As far as specific algorithms, there are many that could apply. My personal experience is in machine learning algorithms, so I'm personally biased toward those. There are numerous algorithms like Classification, Clustering, Optimization, Anomaly Detection, etc. which are very CPU-intensive. We will be doing a blog post soon with a demo of live algorithms already in our system to give more concrete examples.
Could you return the actual code of the algorithm that could be loaded and used during runtime (for some languages if the user wants it)? Seems like having the user send in the data and running an algorithm as a service would take a lot more time and effort for everyone involved.
I can't figure out how such a system is supposed to work. Anyone have any ideas?

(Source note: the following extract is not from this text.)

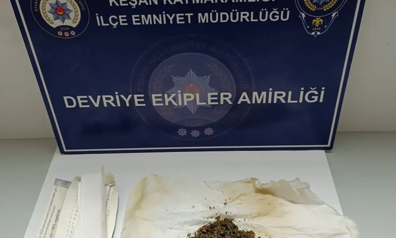 İlçe Emniyet Müdürlüğü ekipleri, Yukarı Zaferiye Mahallesi Enez Caddesi üzerinde park halindeki otomobilden şüphelenerek arama yaptı. Aramada, şoför koltuğunun alt kısmına gizlenmiş 5.58 gram esrar ele geçirildi. Araçta bulunan Ö.B., A.K. ve A.C.G., polis tarafından gözaltına alındı. (DHA)
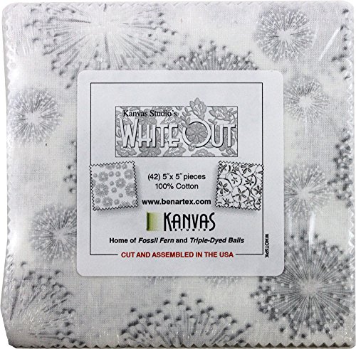 Kanvas Studio White Out 5X5 Pack 42 5-inch Squares Charm Pack Benartex

For example, a couple of years ago I worked on an algorithm to find the maximum common subgraph of a set of 2 or more molecular graphs. More specifically, I wanted the largest subgraph in M of N graphs (M<=N), I wanted to define the atom match criteria, and I wanted to require that rings not be broken in the subgraph. (Chemists love rings.)
I did it the old-fashioned way. I read papers, I investigated similar systems, I implemented various implementation details, and I did a lot of testing.
How would I find such an algorithm using this system?
There are only a few people who develop this sort of algorithm. Why might I expect that this system is a better resource than traditional means?
I have no idea how this would work, but I disagree with your statement. There are probably lots of people solving similar problems, but with different notations.
Lots of domains share the same mathematical abstractions, but we don't know because (almost) nobody is trying to discover them. We can know that it's common, because once in a while people do look, and always come back with new shared abstractions.
If somebody created an index that took different notations into account, that'd revolutionize research. But I don't think this system does that.
Which statement of mine do you disagree with? Do you mean that there are few people working on the maximum common subgraph problem as it applies to small molecule chemistry? [1] What forms the basis for your opposition?
Of course there are many different notations. One need only look to Newton and Leibniz notations for calculus, or Schrodinger's wave equations and Heisenberg's matrices for quantum mechanics, to know there's a long history of different mathematical abstractions for the same concept.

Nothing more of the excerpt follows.